Internal and external efficiency 
The internal efficiency of a business entity is the factor by which it prepares a product or service in a cost efficient manner. The external efficiency of a business entity is the factor by which it effectively markets itself so as to utilise the market, in order to retrieve maximum profits from that internal efficiency. So in a b2b market setting, the external efficiencies of the business entities due to conduct trade is vital to the success of the b2b transaction, especially if they belong to the same concern, in which case an internal market between the co-owned business entities is emergent. Being able to make use of external economies of scale within the same ownership group is actually one of the motivations for creating a concern.

Business and consumer markets (B2C) 

Business markets have derived demand – a demand in them exists because of demand in the consumer market. An example would be a government wishing to purchase equipment for a nuclear power plant. Another example would be when items are in popular demand. The underlying consumer demand that has triggered this is that people are consuming more electricity (by using more household devices such as washing machines and computers). Business markets do not exist in isolation.

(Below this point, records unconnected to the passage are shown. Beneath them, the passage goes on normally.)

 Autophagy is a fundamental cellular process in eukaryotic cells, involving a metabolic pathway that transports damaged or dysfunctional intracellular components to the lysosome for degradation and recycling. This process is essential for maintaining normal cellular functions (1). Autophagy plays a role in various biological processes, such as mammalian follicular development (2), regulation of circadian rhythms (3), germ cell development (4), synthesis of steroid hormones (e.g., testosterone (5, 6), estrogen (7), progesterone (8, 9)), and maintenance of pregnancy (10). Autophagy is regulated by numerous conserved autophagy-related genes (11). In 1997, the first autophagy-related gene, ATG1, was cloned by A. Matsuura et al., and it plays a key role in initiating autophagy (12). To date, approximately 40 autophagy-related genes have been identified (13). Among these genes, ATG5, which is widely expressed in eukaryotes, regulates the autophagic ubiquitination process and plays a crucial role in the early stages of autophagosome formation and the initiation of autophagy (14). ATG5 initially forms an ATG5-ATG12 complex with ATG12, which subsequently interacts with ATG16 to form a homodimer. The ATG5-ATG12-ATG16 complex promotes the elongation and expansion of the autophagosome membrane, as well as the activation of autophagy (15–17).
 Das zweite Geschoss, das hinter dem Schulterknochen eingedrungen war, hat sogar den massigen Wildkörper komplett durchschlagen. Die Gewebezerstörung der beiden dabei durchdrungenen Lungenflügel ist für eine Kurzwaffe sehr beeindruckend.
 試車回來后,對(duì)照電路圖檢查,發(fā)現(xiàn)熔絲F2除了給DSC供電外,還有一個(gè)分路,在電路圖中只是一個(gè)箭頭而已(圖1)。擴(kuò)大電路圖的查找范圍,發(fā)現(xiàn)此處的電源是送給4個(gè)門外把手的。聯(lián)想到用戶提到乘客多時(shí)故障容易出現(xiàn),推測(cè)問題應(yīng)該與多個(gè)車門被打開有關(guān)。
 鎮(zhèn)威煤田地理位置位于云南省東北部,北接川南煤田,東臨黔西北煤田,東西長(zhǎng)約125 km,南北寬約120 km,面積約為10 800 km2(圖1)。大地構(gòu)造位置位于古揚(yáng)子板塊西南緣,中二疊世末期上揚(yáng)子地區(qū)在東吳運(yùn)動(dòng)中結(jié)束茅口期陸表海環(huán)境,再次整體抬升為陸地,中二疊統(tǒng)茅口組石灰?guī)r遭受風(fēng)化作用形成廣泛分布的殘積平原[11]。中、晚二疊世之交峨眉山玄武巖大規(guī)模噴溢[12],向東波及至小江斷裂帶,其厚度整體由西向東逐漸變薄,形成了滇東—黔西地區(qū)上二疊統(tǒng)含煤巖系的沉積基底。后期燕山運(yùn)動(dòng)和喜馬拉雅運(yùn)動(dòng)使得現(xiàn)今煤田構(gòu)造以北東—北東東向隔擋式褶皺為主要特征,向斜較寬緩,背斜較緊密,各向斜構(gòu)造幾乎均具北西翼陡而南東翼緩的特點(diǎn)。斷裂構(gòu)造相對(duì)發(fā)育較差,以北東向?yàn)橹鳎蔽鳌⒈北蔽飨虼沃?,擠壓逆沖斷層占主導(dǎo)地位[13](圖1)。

A single consumer market demand can give rise to hundreds of business market demands. The demand for cars creates demands for castings, forgings, plastic components, steel, and tires. In turn, this creates demands for casting sand, forging machines, mining materials, polymers, and rubber. Each of these growing demands has triggered more demands.

As the spending power of citizens increases, countries generally see an upward wave in their economies. Cities or countries with growing consumption are generally growing business markets.

Vs. consumer marketing 

Despite the differences between business and consumer marketing from a surface perspective being seemingly obvious, there are more subtle distinctions between the two with substantial ramifications. Dwyer and Tanner note that business marketing generally entails shorter and more direct channels of distribution.

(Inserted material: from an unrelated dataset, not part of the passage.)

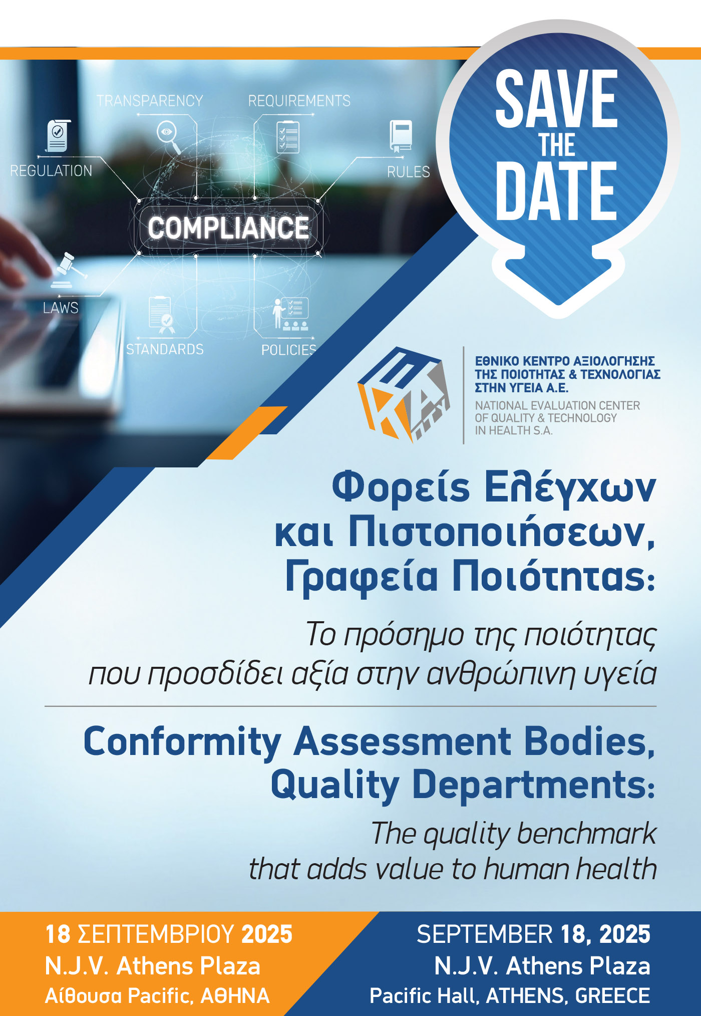 Το Εθνικό Κέντρο Αξιολόγησης της Ποιότητας & Τεχνολογίας στην Υγεία (Ε.Κ.Α.Π.Τ.Υ. Α.Ε.) διοργανώνει συνέδριο με τίτλο «Φορείς Ελέγχων και Πιστοποιήσεων, Γραφεία Ποιότητας: Το πρόσημο της ποιότητας που προσδίδει αξία στην ανθρώπινη υγεία», την Πέμπτη 18 Σεπτεμβρίου 2025 στο ξενοδοχείο N.J.V Athens Plaza (Αίθουσα Pacific) στην Αθήνα.
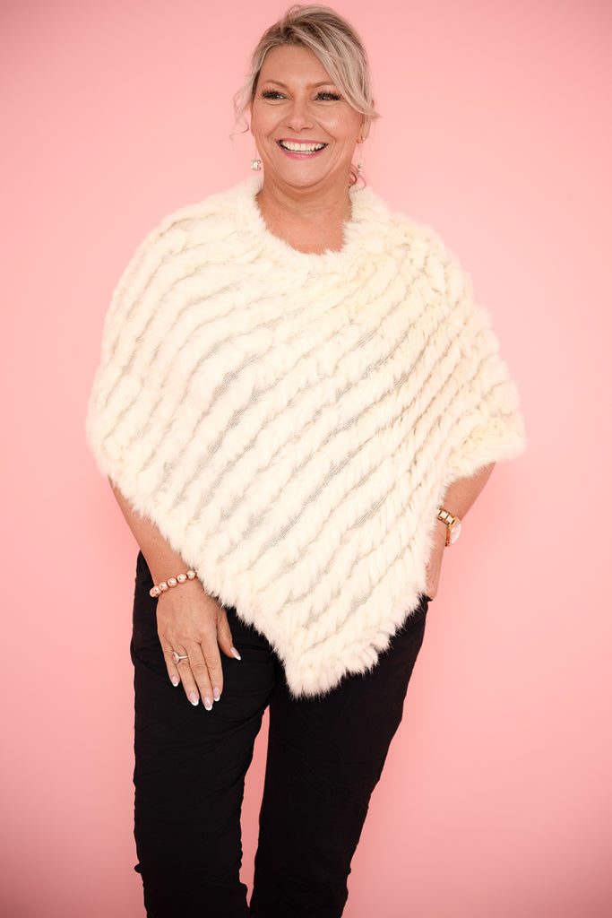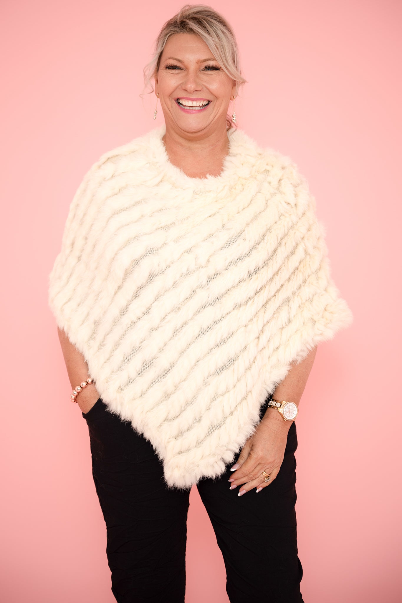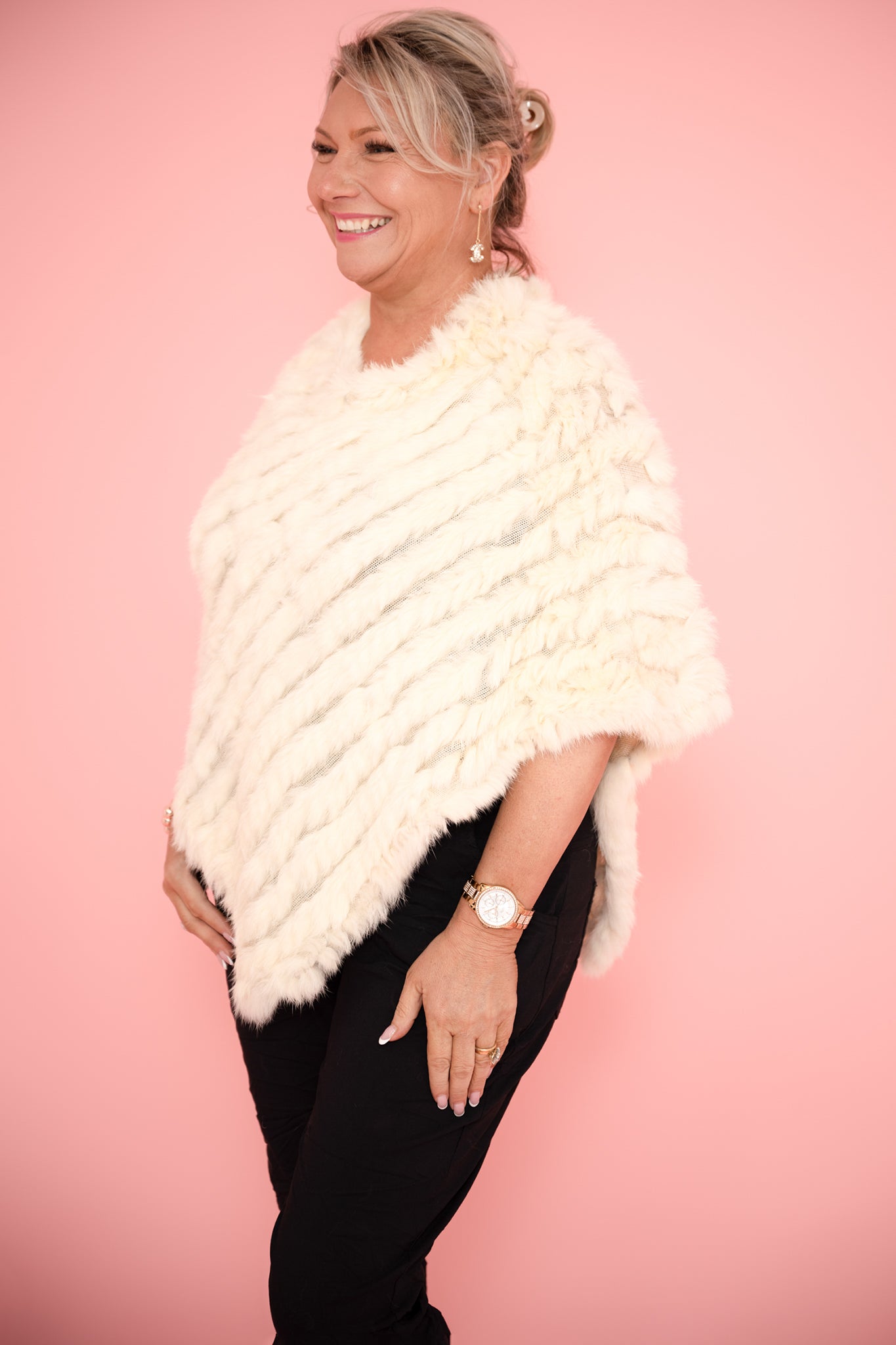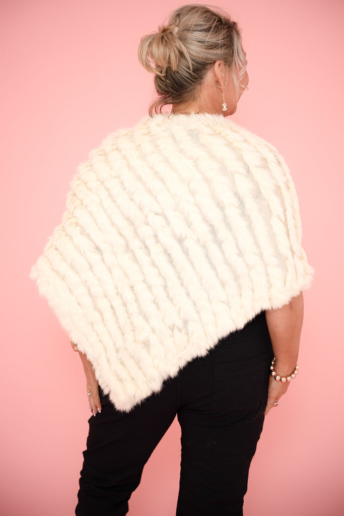 Wrap yourself in luxury with our Rabbit Fur Poncho, a statement in softness and sophisticated style. Designed in a flattering diamond shape with elegant points at the front and back, this poncho drapes beautifully for a silhouette that’s both relaxed and refined.

While consumer marketing is aimed at large groups through mass media and retailers, the negotiation process between the buyer and seller is more personal in business marketing. According to Hutt and Speh (2004), most business marketers commit only a small part of their promotional budgets to advertising, and that is usually through direct mail efforts and trade journals. While advertising is limited, it often helps the business marketer set up successful sales calls.

Both business to business (B2B) and business-to-consumer (B2C) marketing is done with the ultimate intention of making a profit to the seller (business-to-business marketing). In B2C, B2B and B2G marketing situations, the marketer must always:

 successfully match the product or service strengths with the needs of a definable target market;
 position and price to align the product or service with its market, often an intricate balance; and
 communicate and sell it in the fashion that demonstrates its value effectively to the target market.

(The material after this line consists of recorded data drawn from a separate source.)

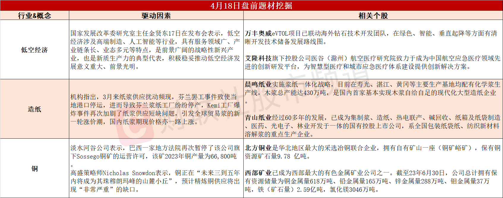 【盘前题材挖掘】①发改委称发展低空经济已具备较好基础,大空间新赛道蓄势待发。②国内纸浆期现价格一路上涨,龙头企业有望迎估值修复。③淡水河谷旗下铜矿遭关停,策略师预计精炼铜供应将严重短缺。
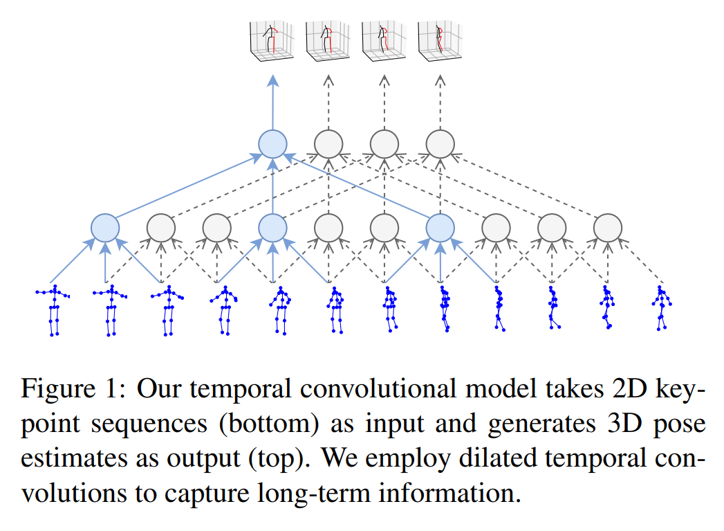 - 2차원 키포인트 궤적(trajectory)에서 dilated temporal convolution을 기반으로 비디오에서 3차원 인간 자세 추정을 위한 간단하고 효율적인 접근 방식을 제시하였다는 것
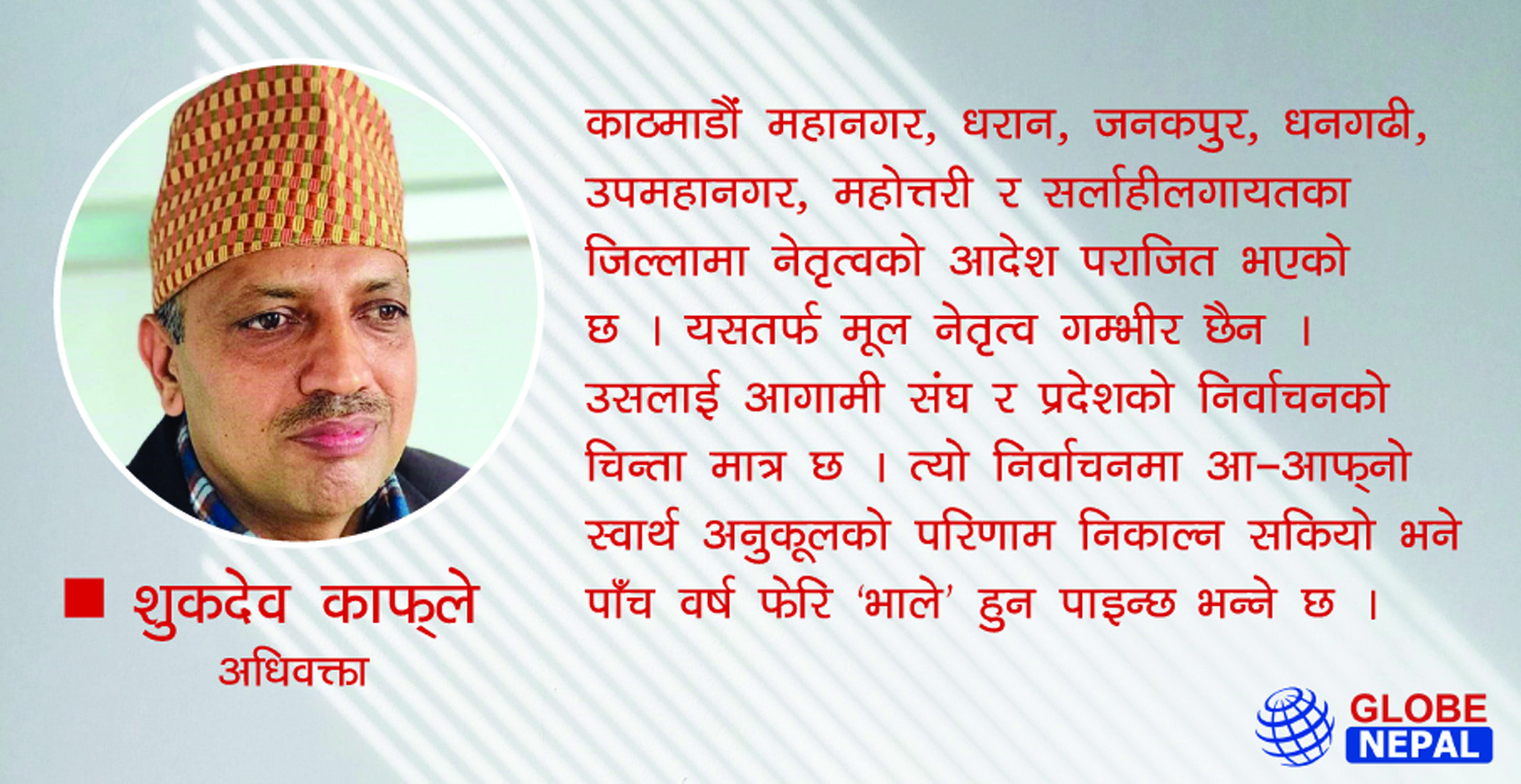 मूलधारका दलहरु र यसको नेतृत्वलाई स्थानीय निर्वाचनको परिणामले आफूलाई सच्चाउने थप समय र अवसर प्रदान गरेको छ । परिणाम आफ्नो पक्षमा ल्याउन र आफ्नो खास मान्छेलाई अबसर दिलाउन भए गरेको कसरतहरु गलत छन्, त्यो प्रवृत्ति र सोचलाई परास्त गर्नुपर्छ भन्ने अभिमत खास खास ठाउँका सचेत मतदाताहरुले प्रकट गरेका हुन् । दूरदराजदेखि तह तहका निर्वाचनहरुमा यस…
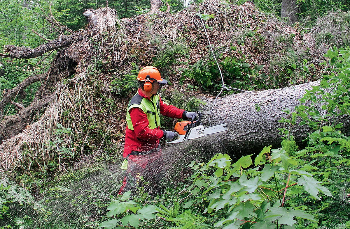 So oder so gilt, dass ein gekippter Wurzelstock, wenn er auf die Sägeführer-Seite zu fallen droht, mit einer Seilwinde oder dem Seilzug gesichert werden muss. Wer ohne entsprechende Ausbildung Sturmholz aufrüstet, gefährdet sich und seine Umgebung grobfahrlässig.
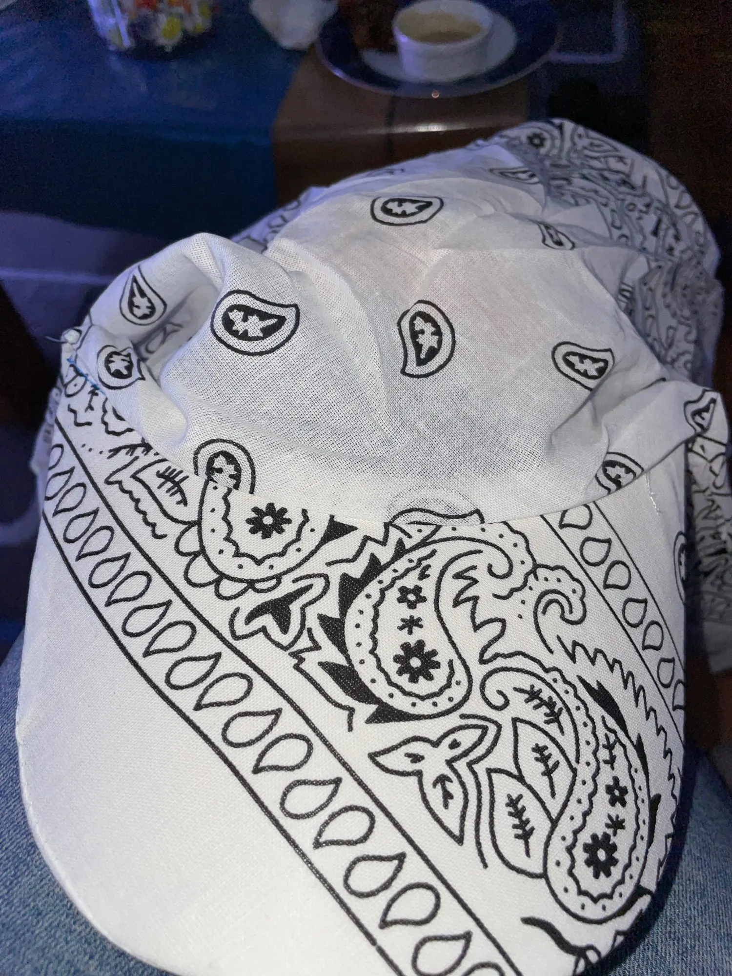 Приличная косынка. Козырёк большой, но не нависает на глаза. Ощущение комфорта ещё и потому, что изделие точно из хлопка! Приятно. Спасибо продавцу!

These are the fundamental principles of the 4 Ps of marketing (the marketing mix) first documented by E. Jerome McCarthy in 1960.

While "other businesses" might seem like the simple answer, Dwyer and Tanner say business customers fall into four broad categories: companies that consume products or services, government agencies, institutions and resellers.

The first category includes original equipment manufacturers, such as large auto-makers who buy gauges to put in their cars and also small firms owned by 1–2 individuals who purchase products to run their business. The second category, government agencies, is the biggest. In fact, the U.S. government is the biggest single purchaser of products and services in the country, spending more than $300 billion annually. But this category also includes state and local governments. The third category, institutions, includes schools, hospitals and nursing homes, churches and charities. Finally, resellers consist of wholesalers, brokers and industrial distributors.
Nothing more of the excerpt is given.